The new hospital safety-related website

OSHA Launches Hospital Safety Website

Resources available on the site, www.osha.gov/hospitals, will dovetail with efforts hospitals already are making to prevent worker injuries from patient moving, slips and falls, needlesticks, and more.

OSHA on Jan. 15 launched a new educational Web resource, http://www.osha.gov/hospitals, stocked with materials to help hospitals prevent worker injuries and improve their safety cultures. The agency's chief, Assistant Secretary Dr. David Michaels, was joined at a news conference by NIOSH Director Dr. John Howard; Dr. Lucian Leape, chairman of the Lucian Leape Institute at the National Patient Safety Foundation and an adjunct professor of health policy at the Harvard School of Public Health; and Dr. Erin S. DuPree, chief medical officer and vice president of the Joint Commission Center for Transforming Healthcare.

All three praised the newly available materials and said they will complement earnest improvement efforts hospitals already are using.
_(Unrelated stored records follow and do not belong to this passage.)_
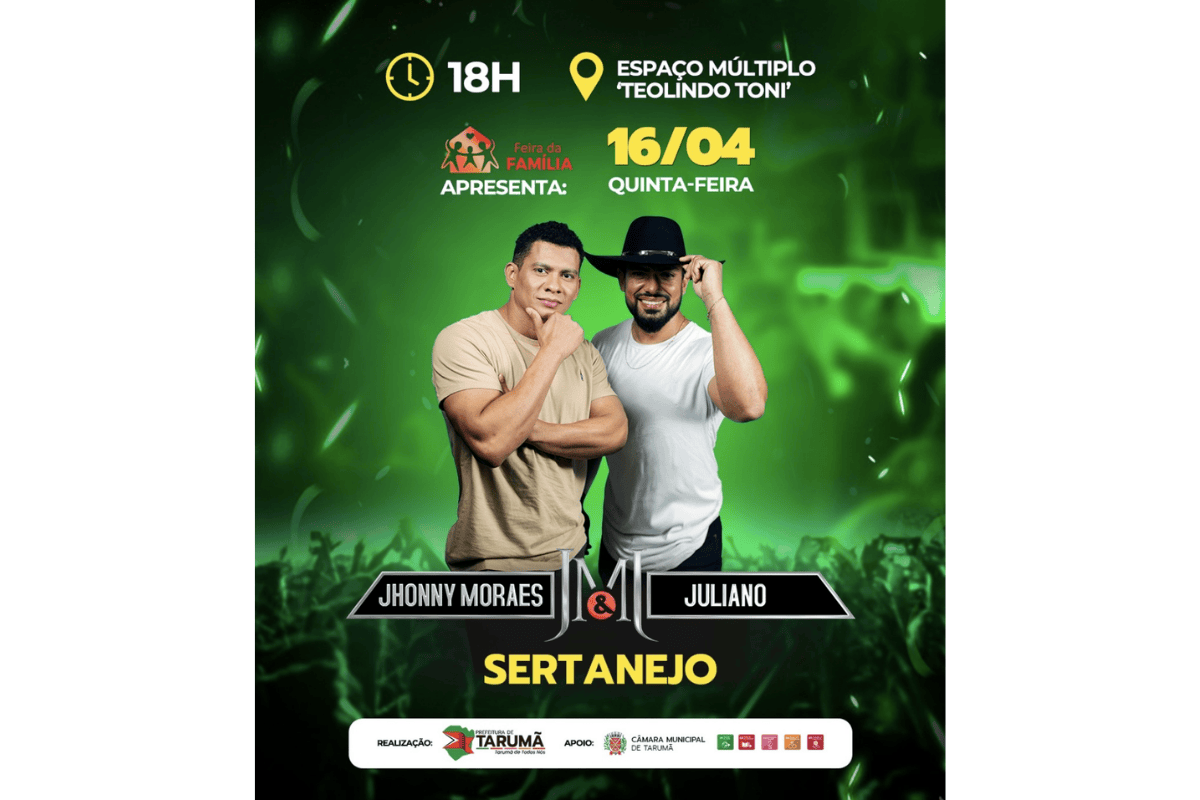 A principal atração da noite será o show da dupla sertaneja Jhonny Moraes & Juliano, que sobe ao palco com repertório voltado ao público que aprecia música sertaneja. A proposta é oferecer uma noite de entretenimento para todas as idades, integrando cultura e convivência comunitária.
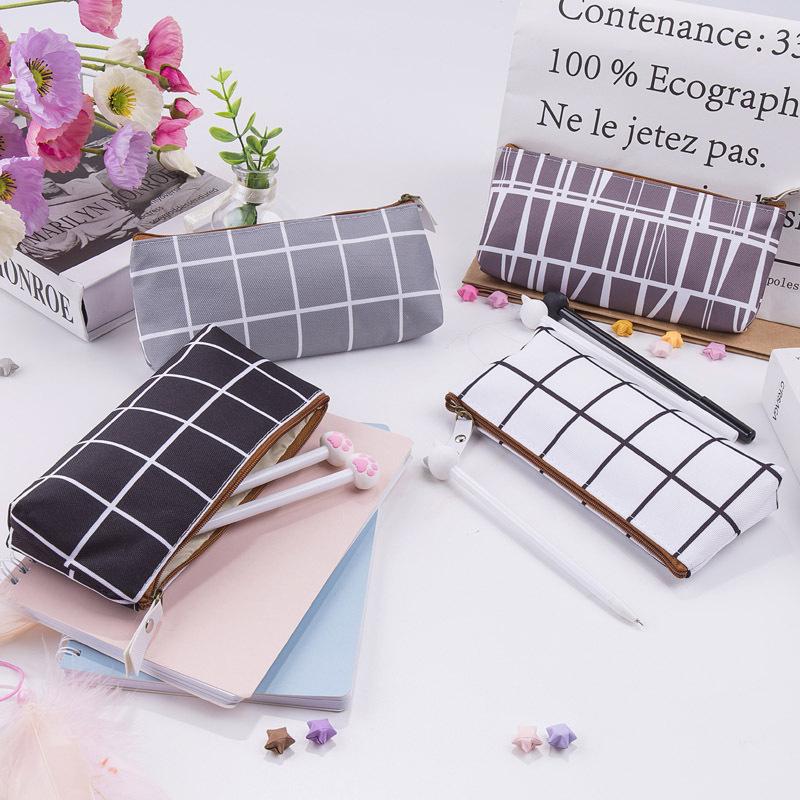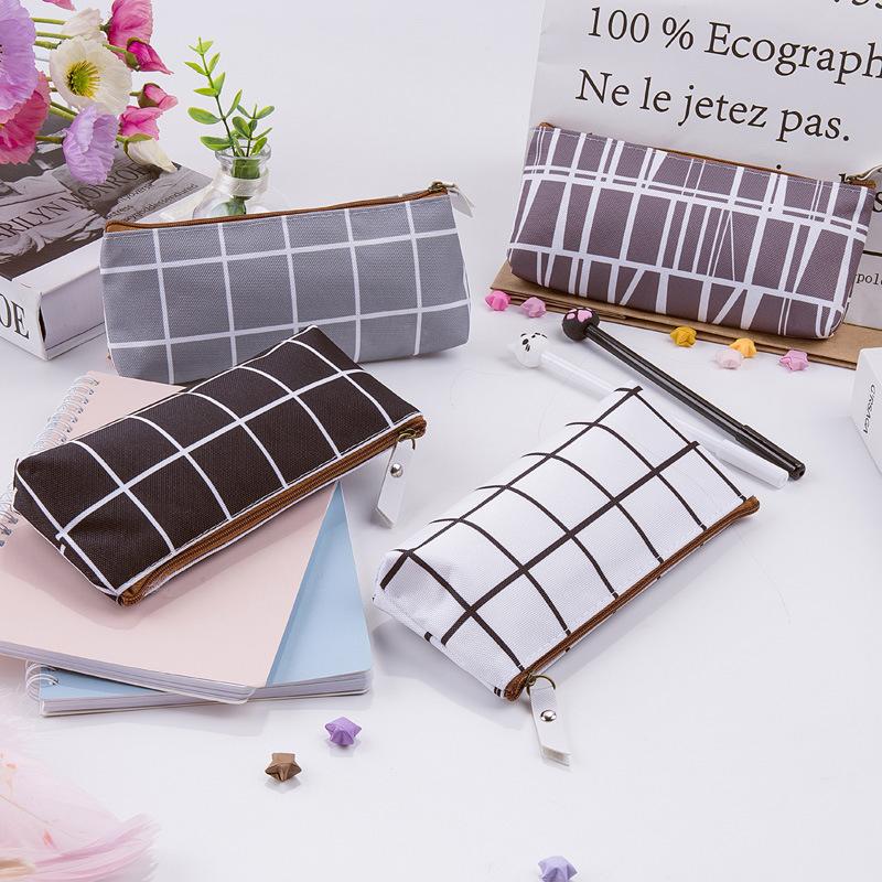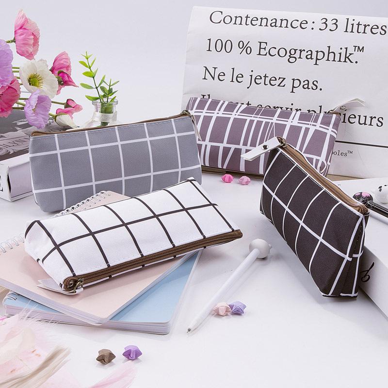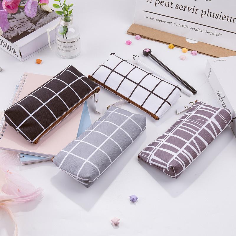 Estuche de lona a rayas pequeño y fresco de papelería de aprendizaje de nuevo estilo, simple, creativo, para estudiantes, hombres y mujeres, caja de papelería al por mayor, personalizado
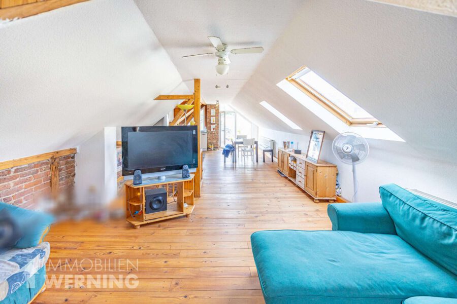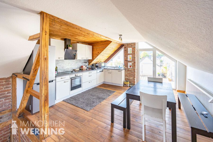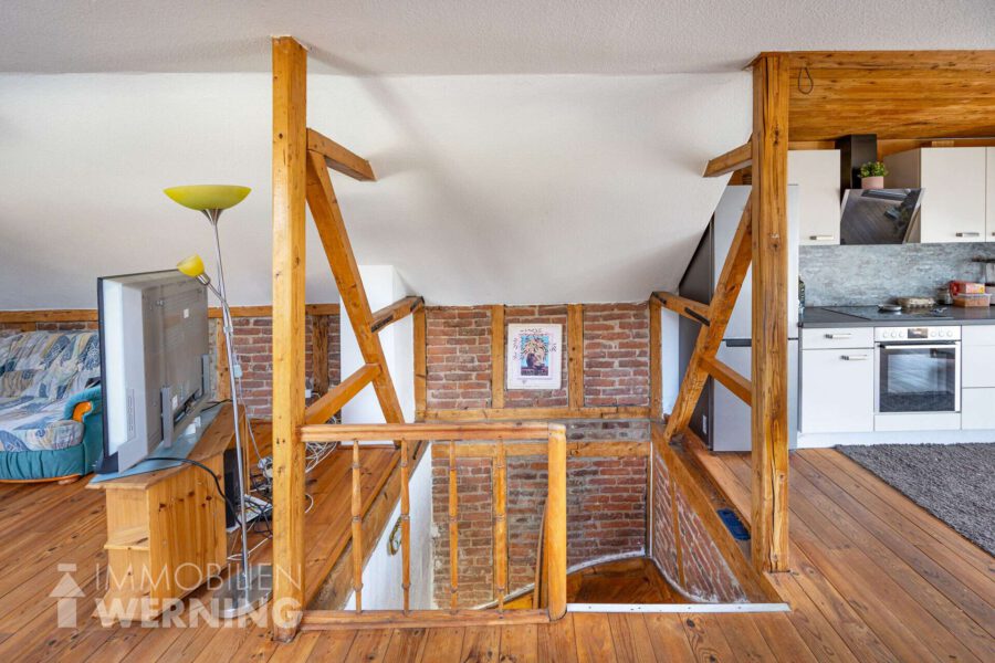 Das Dachgeschoss wurde als ein großer und offener Raum ausgebaut. An der Treppe blickt man auf freigelegte Holzbalken und Backsteinmauern. 2021 wurde auf dieser Ebene eine neue Küche eingebaut und die Fensterfront in Richtung der Terrasse erneuert.
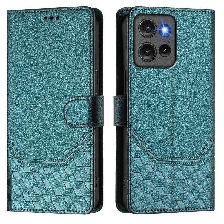 Funda de Cuero Rfid con Relieve de Panal Global para Motorola Edge 50 5G (Verde Pavo Real)
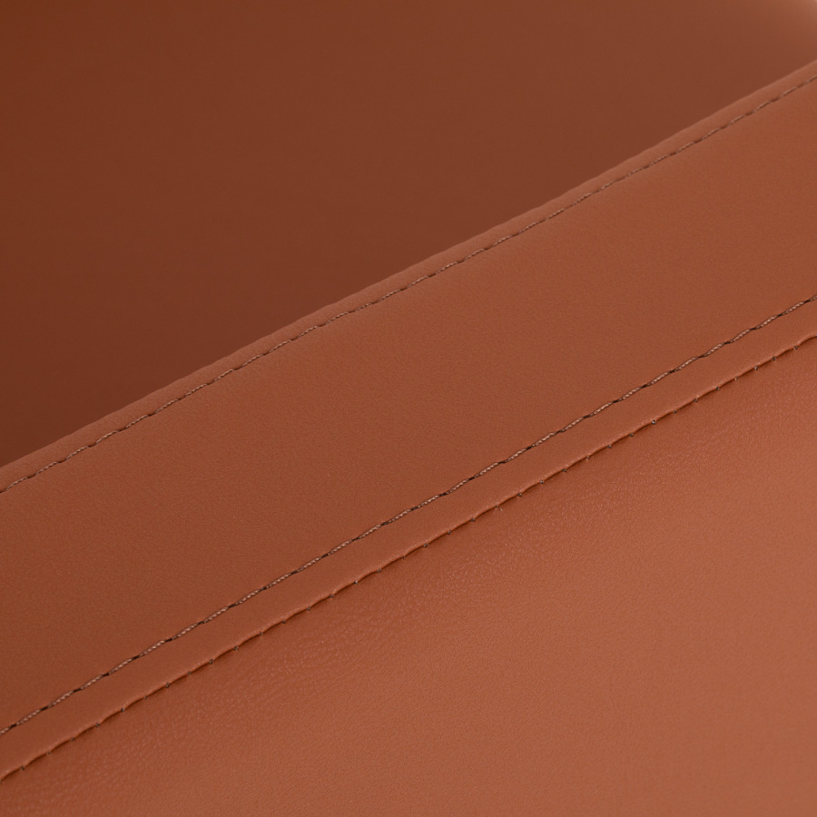 Zaoblené línie stoličky dodávajú ľahkosť a modernú estetiku, zatiaľ čo stabilná, štvorcová základňa v matnej čiernej farbe zdôrazňuje jej štýlový vzhľad. Príjemná na dotyk syntetická koža v odtieňoch hnedej farby zaručuje pohodlie aj počas dlhších procedúr a zároveň garantuje odolnosť, odolnosť voči vlhkosti a ľahké čistenie. Stolička sa hodí do moderných aj klasických interiérov a zdôrazňuje profesionálny image salónu.
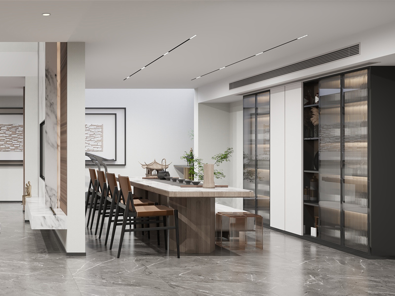 休闲茶室以开放式布局在空间中,赋予会客品茶松弛的氛围,背景墙采用整面收纳柜设计,保证区域收纳需求。
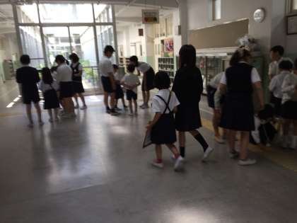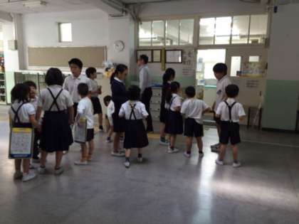 1年生が6年生に連れられて、「学校探検」をしていました。
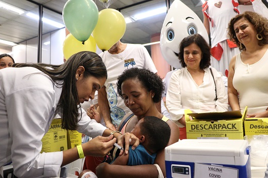 IMUNIZAÇÃO – Nós tivemos um aumento na cobertura de 13 das 16 vacinas do nosso calendário de vacinação, fruto de um grande movimento, Movimento Nacional pela Vacinação, que o presidente Lula lançou comigo ao seu lado ano passado, já num pacto com governadores e com uma atuação muito forte, queria frisar aqui, de todos os trabalhadores do Sistema Único de Saúde, na atenção básica na saúde da família, envolvendo também a retomada do Zé Gotinha, o nosso grande símbolo da vacinação.
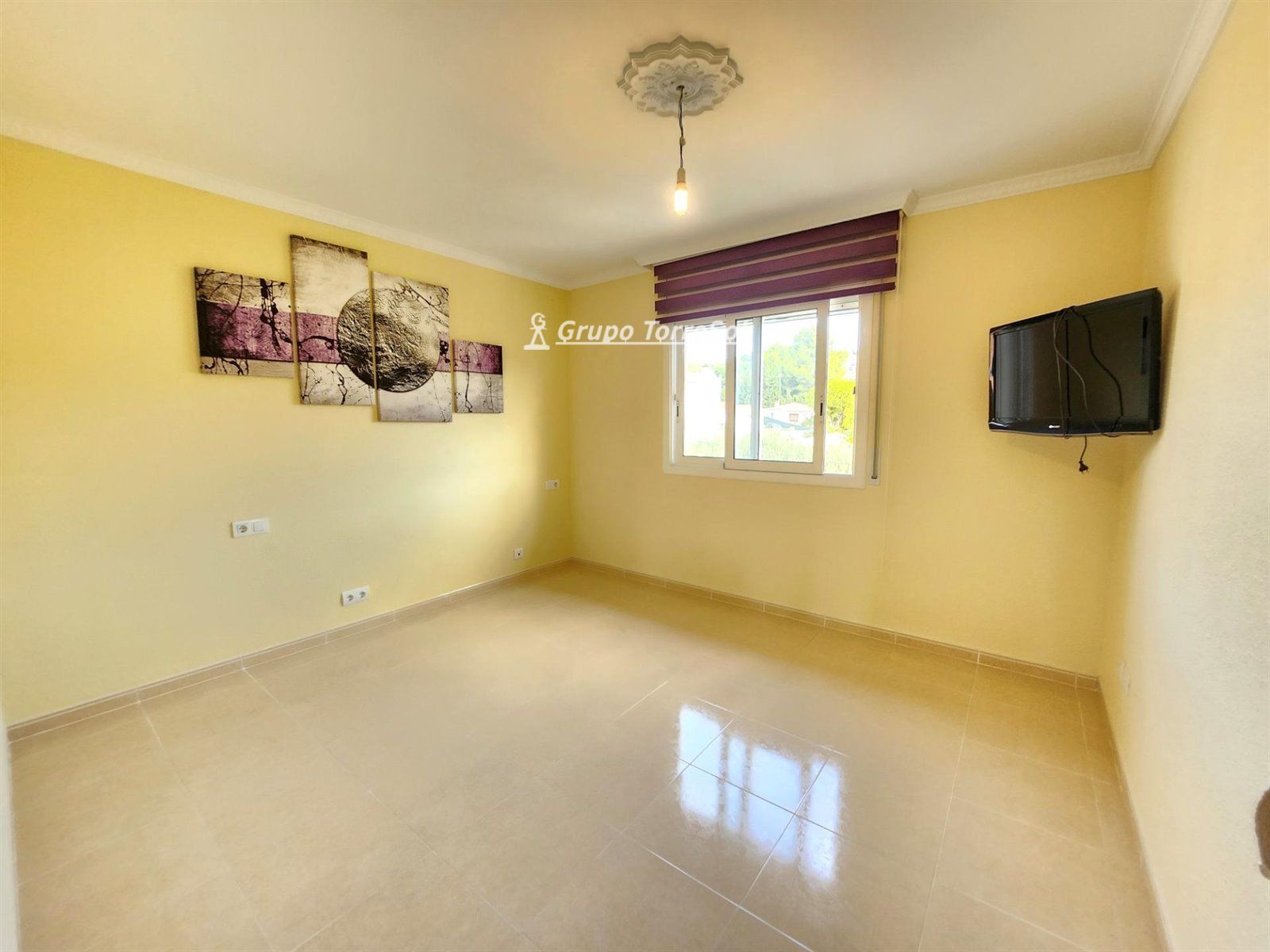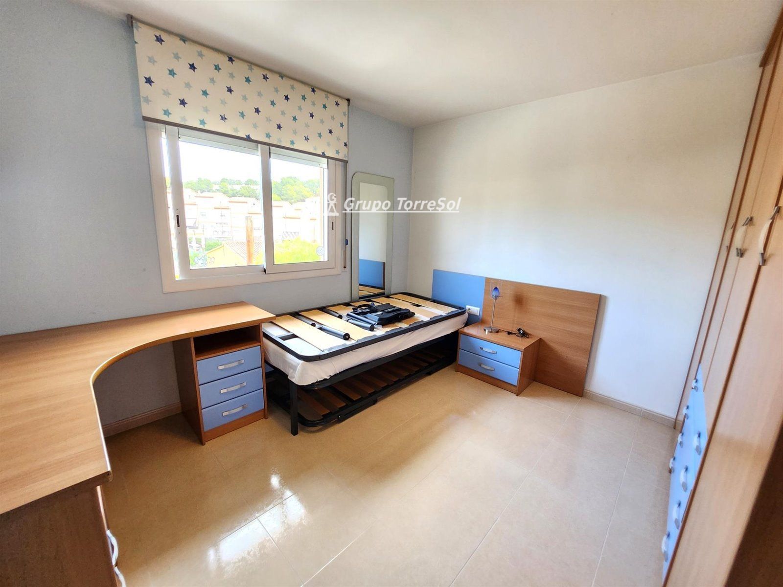 NO SE ADMITEN ANIMALES..Fantástica casa pareada de 130 m2 en dos plantas de las cuales a continuación detallamos distribuciones..Garaje de 65 m2 , trastero..1º Planta: Salón comedor de 30 m2 muy soleado y de grandes espacios , persiana eléctrica ,cocina independiente de 12 m2 completamente equipada con salida a la parte trasera de la casa que se compone de un porche con toldos , barbacoa y si se quiere entrada para otro coche. baño de cortesía en planta. Recibidor y entrada a la casa acristalada..2º planta : 4 habitaciones, dos de ellas dobles y dos individuales bastante grandes, 1 baño completo con plato de ducha ..Preciosas vistas y casa del 2005 , placa solar , cerramientos de aluminio con cristales de doble cámara, 2 aparatos de aire acondicionado con bomba de calor..SEMI AMUEBLADO.
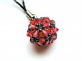 Přívěsek na mobil, šitá kulička ze sluníček Swarovski a černého rokajlu.
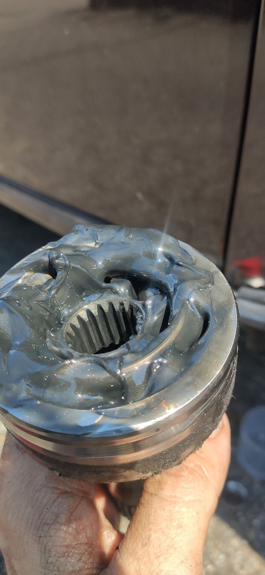 Das Fett war mal giftgrün, nun geiles Metallic. Allerdings hatte das Gelenk vor 5Tkm schon nen Schuss und das Fett wurde testweise mal reingemacht. Schmierig ist ja immer noch. Nur halt mit Flakes...

Still, the U.S. hospital industry has one of the highest occupational injury rates among all industries, Leape noted. "The emphasis on patient safety has been on reducing errors and improving systems, and we've had a fair amount of success at doing that," he said. "But we've come to realize that one of the most important things we can do to make our hospitals safe for patients is to make them safe for our workers." Surveys show that at least half of U.S. hospitals' workers still don't feel their workplaces are safe, and it's been too common for hospital workers who make mistakes to be disciplined, rather than for the hospital administrators to address system issues that contribute to the mistakes, he added.

Injuries incurred through patient moving are a leading hazard for the industry. The site's materials include information for enhancing safe patient handling programs and implementing safety and health management systems, fact books, self-assessments, and best practice guides. "These new materials can help prevent hospital worker injuries and improve patient safety, while reducing costs," said Michaels. "The heart of these materials is real-life lessons from high-performing hospitals that have implemented best practices to reduce workplace injuries while also improving patient safety."

Michaels said workplace violence, slips and falls, exposures to dangerous drugs and chemicals, infectious diseases, and needlesticks are among the industry's other leading hazards, and in 2012, U.S. hospitals recorded almost 250,000 recordable injuries, almost 60,000 of which were lost-time cases.

DuPree cited a 2012 Joint Commission monograph developed in partnership with OSHA and titled "Improving Patient and Worker Safety." The new OSHA tools help to advance those goals, and they include a comparison of OSHA standards with the Joint Commission's, she said. "Underlying causes of worker injury are often causes of injury to patients, so the solutions need to be shared," DuPree said.

Developing management systems for worker and patient safety is the best way to prevent worker and patient injuries, "so it's certainly very much connected" to the Injury and Illness Prevention Programs rule that OSHA intends to propose at some later date, Michaels said. "This [new website] is not an enforcement initiative," he added. "This effort is taking the best practices that have been used successfully by hospitals all over the country and trying to disseminate them."

Public Citizen issued a statement applauding OSHA's move and saying it is "directly responsive to research produced by Public Citizen in conjunction with the American Nurses Association and the Service Employees International Union." They produced a 2013 report that showed health care workers suffer more injuries and illnesses on the job each year than workers in any other industry. "OSHA's program is an important first step because it gives employers and employees the tools needed to foster open discussions on how to lift patients safely in hospitals, nursing homes, and other health care facilities," said Keith Wrightson, a worker safety and health advocate for Public Citizen. "We look forward to the agency taking further measures to improve safety for the health care workers who are so frequently injured."